Figure EV4. ced-2 and ced-5 are not involved in the clearance of OSM-3-G444E ejecta.

(A) Representative fluorescence image of OSM-3-G444E ejecta in ced-1(Q375Stop) mutants with the overexpression of wild-type ced-1 under the control of PY37A1.B. Count, the number of ejecta. Scale bar, 10 μm. (B) Quantification of the number of OSM-3-G444E ejecta in the strains shown in (A), n > 50 worms were analyzed for each strain. Data are mean ± SD. (C) Representative fluorescence image of OSM-3-G444E ejecta in ced-2(R102Stop) or ced-5(E28Stop) strains. (D) Quantification of the number of OSM-3-G444E ejecta in the strains shown in (C), n > 50 worms were analyzed for each strain. Data are mean ± SD. (E) Representative fluorescence image of OSM-3-G444E ejecta in ced-1(Q375Stop); ced-2(R102Stop) double mutant. (F) Quantification of the number of OSM-3-G444E ejecta in the strains shown in (E), n > 50 worms were analyzed for each strain. Data are mean ± SD. ***P < 0.001, *P < 0.05, n.s. not significant, by one-way ANOVA using BH method to adjust P values.

Figure EV5. Intragenic mutations that rescue the ciliary phenotypes in osm-3(G444E) mutant and restore the localization of endogenous OSM-3-G444E.

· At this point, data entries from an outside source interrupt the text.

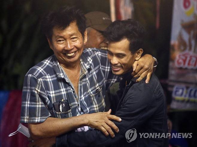 (매사이<태국> AP=연합뉴스) 2일(현지시간) 태국 북부 치앙라이 주 매사이 지구 탐루엉 동굴 안에서 실종됐던 유소년 축구팀 선수 12명과 코치 등 13명이 모두 무사한 상태로 발견됐다는 소식이 전해지자 실종자 가족들이 동굴 밖에서 서로 얼싸안으며 기뻐하고 있다. 이날 나롱싹 오소따나꼰 치앙라이 지사는 지난달 23일 훈련을 마치고 관광 목적으로 이 동굴에 들어간 뒤 연락이 끊긴 유소년 축구팀 선수들과 코치가 모두 살아있는 것으로 확인됐다고 전했다.
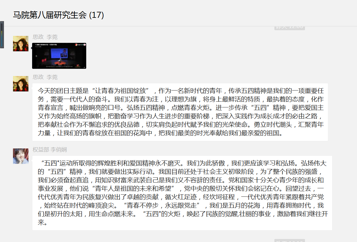 我院研究生会全体成员积极响应,全程观看线上主题学习活动,并积极分享自己的心得体会。
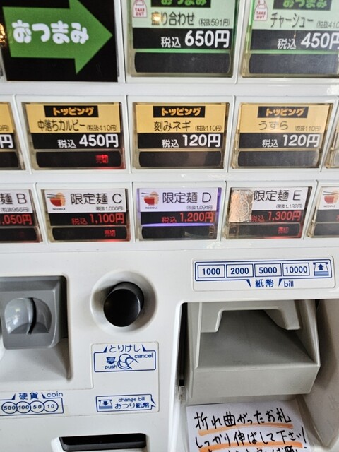 券売機 プレミアム木桶巴醤油鶏醤油らぁ麺は限定麺E
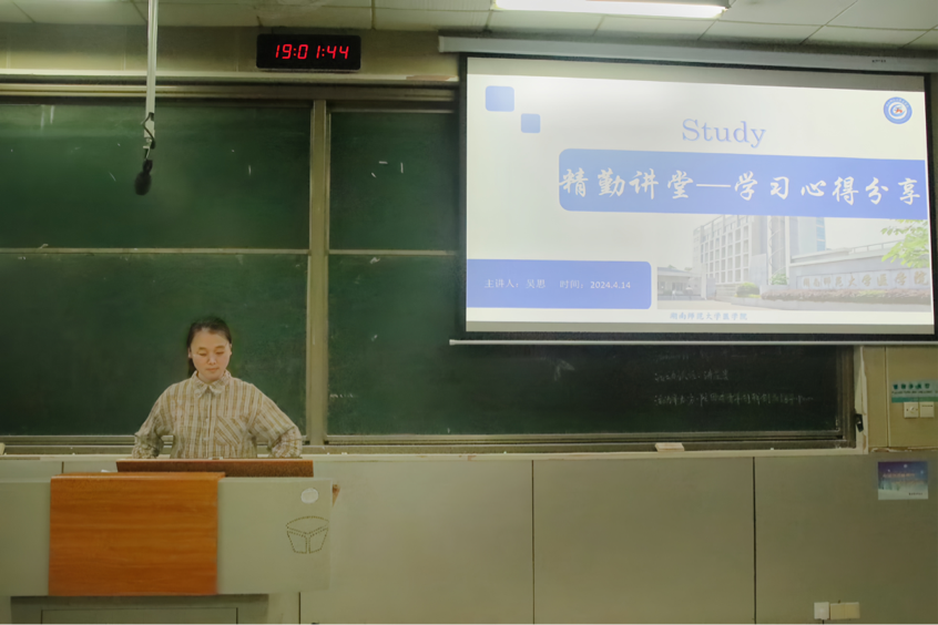 4月14日晚,金沙官网团委青年创新创业指导中心于仁医楼306开展精勤讲堂之“学习心得分享会”讲座。此次活动由团委青创志愿者李孟霖主持,2021级检验一班吴思担任主讲人,金沙官网部分学生参加。
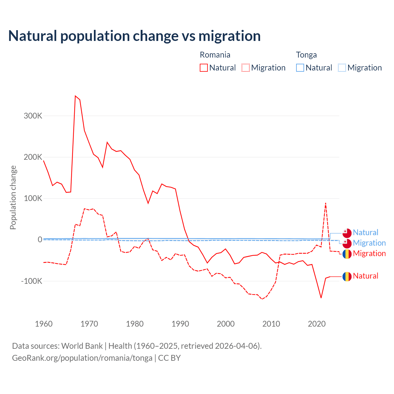 Over the last 10 years, 82% of the population change in Romania is from natural causes (a loss of 766,295 people) and 18% is from migration (a loss of 167,917 people). In Tonga 46.9% is from natural causes (a gain of 18,919 people) and 53.1% is from migration (a loss of 21,384 people).
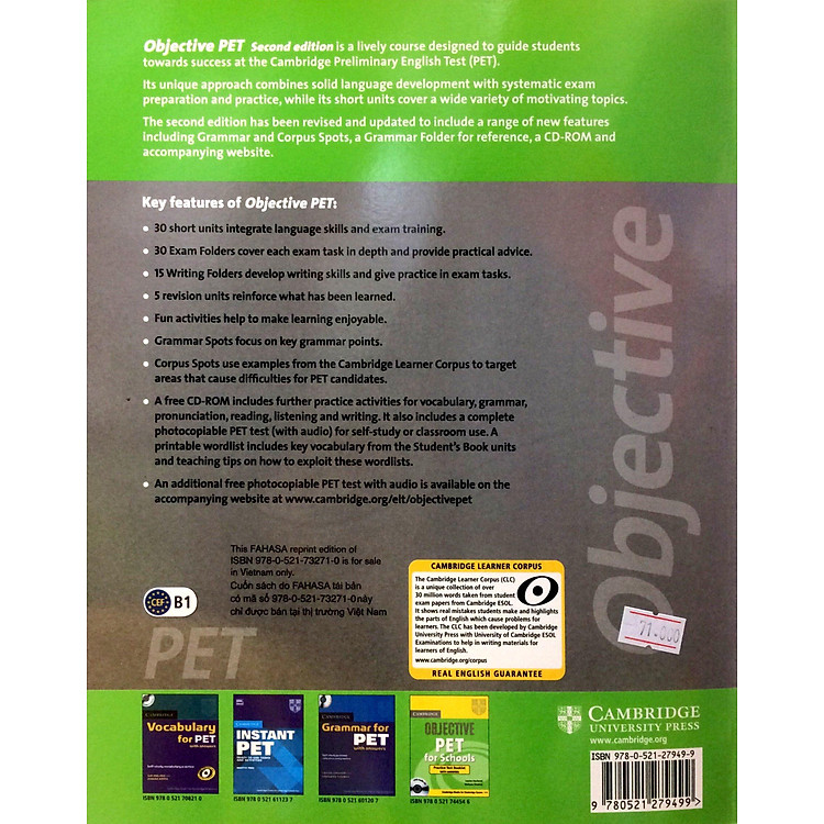 Để tiết kiệm thời gian, DocGia.vn đã so sánh giá bán Objective PET Workbook từ nhiều cửa hàng uy tín. Bạn chỉ cần chọn nơi phù hợp.
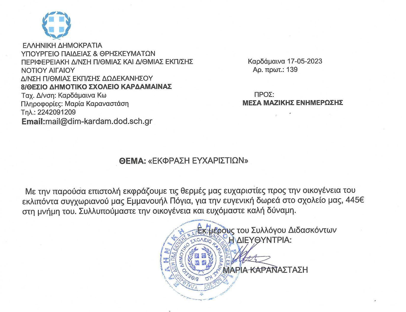 Ευχαριστήριο του Δημοτικού Σχολείου Καρδάμαινας στην οικογένεια του Εμμανουήλ Πόγια
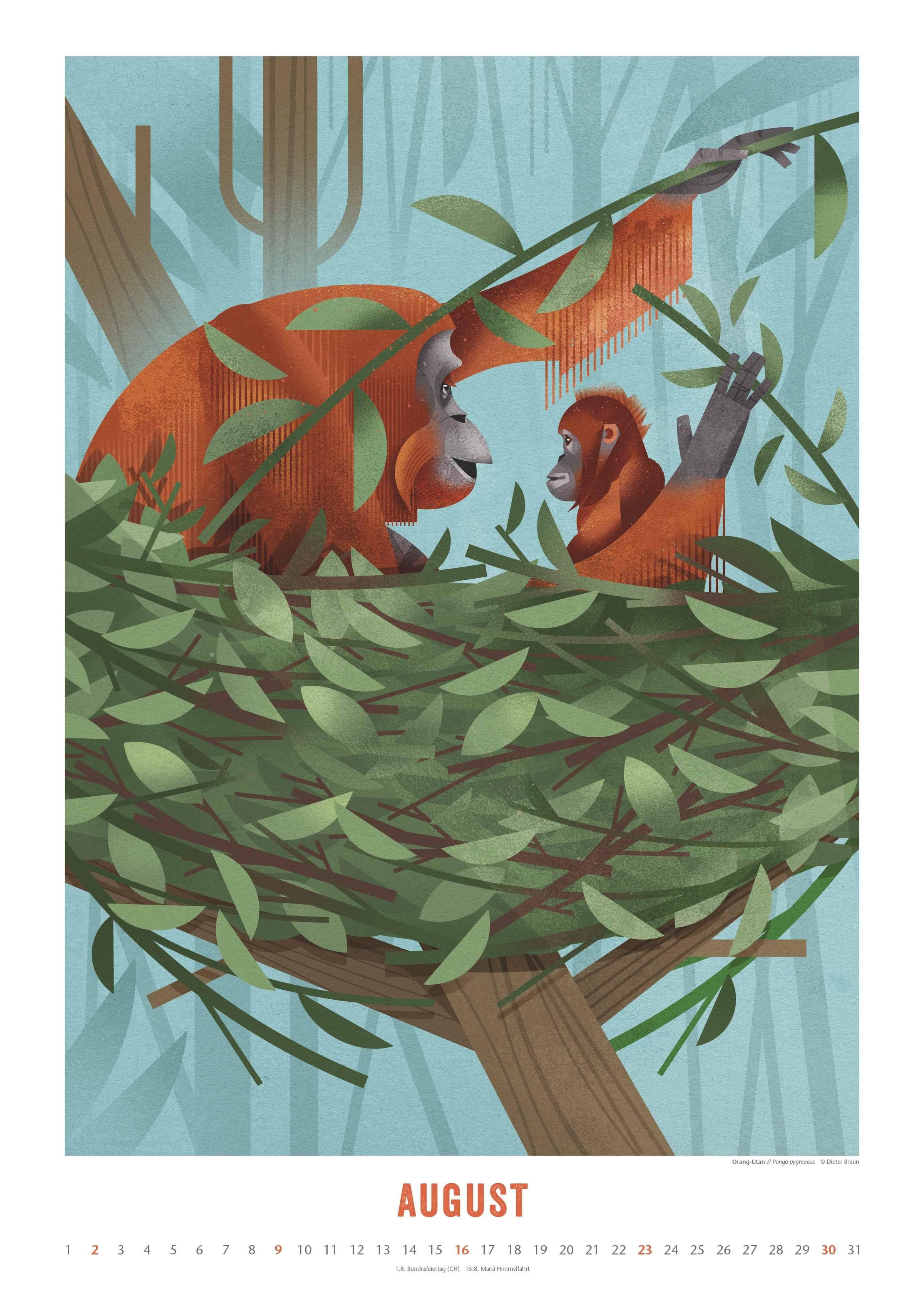 12 plakative Tier-Illustrationen von Dieter Braun, inspiriert von Wildtieren in freier Natur
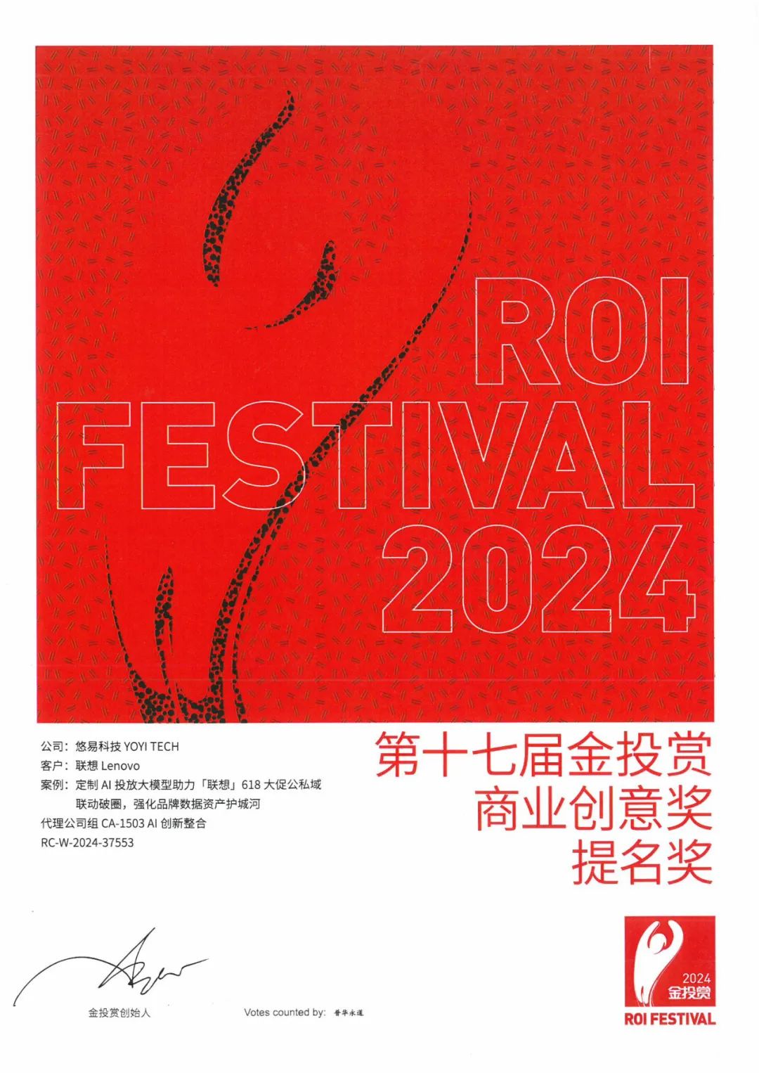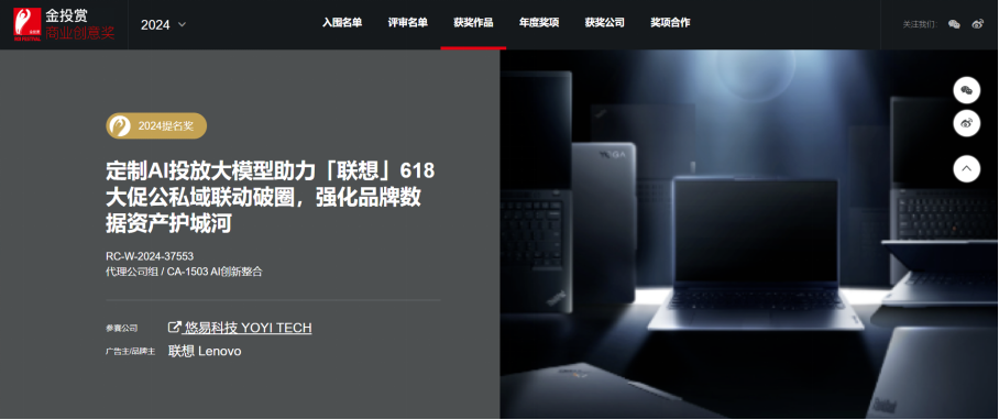 再添殊荣 | 悠易科技携手联想消费荣获金投赏AI创新整合赛道奖项
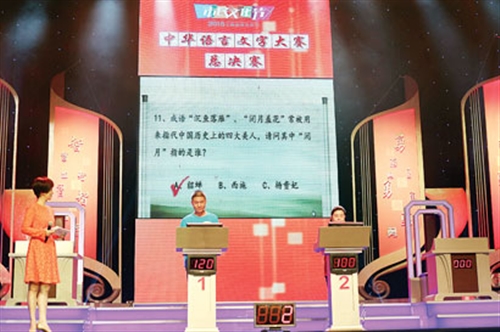 选手在中华语言文字大赛总决赛现场答题。 本报记者 叶辰亮摄
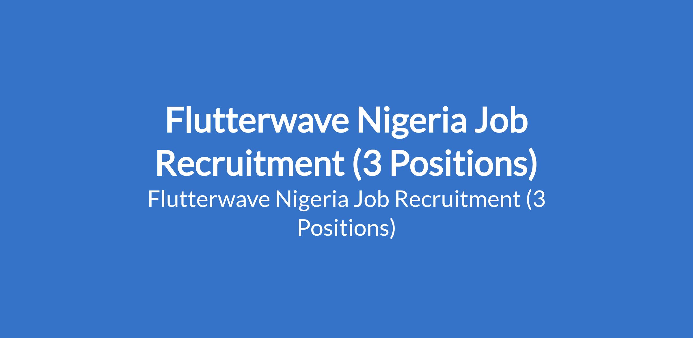Flutterwave Nigeria Job Recruitment (3 Positions)
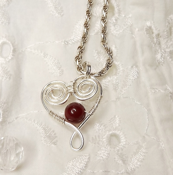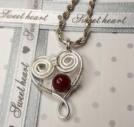 Ezt a kis medált ezüstözött dróttal készítettem és belefűztem egy pici 6mm-es karneol követ.
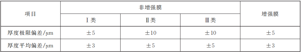 電解水制氫用質子交換膜厚度極限偏差和厚度平均偏差應符合表1的規定。

(A) Flowchart of the suppressor screening. OSM-3-G444E::GFP KI animals at the late L4 stage were treated with ethyl methanesulfonate (EMS). By filling with the fluorescent dye DiI, dye-positive F2 progenies were considered putative suppressors. About 10⁵ haploid genomes were screened in 5 rounds of screenings. The localization of OSM-3-G444E were examined via confocal microscopy. Mutant genes were cloned by the whole-genome sequencing. (B) Molecular lesions of the osm-3 and dyf-5 suppressor alleles. (C) Amphid and phasmid cilia in WT and the suppressors harbor the mutations shown in Fig. 5A, B. GFP-tagged endogenous WT OSM-3 or the corresponding mutant OSM-3 are shown. Dyf, dye-filling defective; N ≥ 100. Arrowheads indicate the ciliary base. Arrows indicate the junctions between the middle and distal segments. The WT image is from Fig. 5C. Scale bar, 5 μm. (D) Distribution of endogenous OSM-3-H207Q-G444E (left), OSM-3-R238W-G444E (middle) and OSM-3-H207Q-G445E (right) in sensory cilia. For the strain shown on the left and in the middle, H207Q or R238W mutation was generated in OSM-3-G444E::GFP KI animals by CRISPR/Cas9-triggered genome editing. The OSM-3-H207Q-G445E strain shown on the right was obtained from a suppressor screen restoring ciliary defects caused by H207Q mutation in OSM-3-H207Q::GFP KI worms. Dyf, dye-filling defective; N ≥ 100. Arrowheads indicate the ciliary base. Arrows indicate the junctions between the middle and distal segments. Scale bar, 5 μm. (E) Frequency distribution of MT gliding velocities showed in Fig. 5G. The velocity distribution curves were fitted with a Gaussian distribution. n number of MTs measured, v velocity. Data are mean ± SD. (F) Distribution of the endogenous OSM-3-H207Q-G444E (top left), OSM-3-H207Q (top right) and OSM-3-R238W-G444E (bottom left) in the soma of sensory neurons. Ph, pharynx. Scale bar, 10 μm. A anterior, P posterior. (G) Left, overlays of the elution profiles of WT (line in black), G444E (red) and H207Q or R238W mutant (blue) OSM-3. The molar mass of OSM-3-H207Q or R238W determined from the MALS fit is shown on the left; right, SDS–PAGE analyses to identify the elution peak *1 shown on the left. Protein constituents were determined by subsequent liquid chromatography-tandem mass spectrometry (LC-MS/MS) analysis.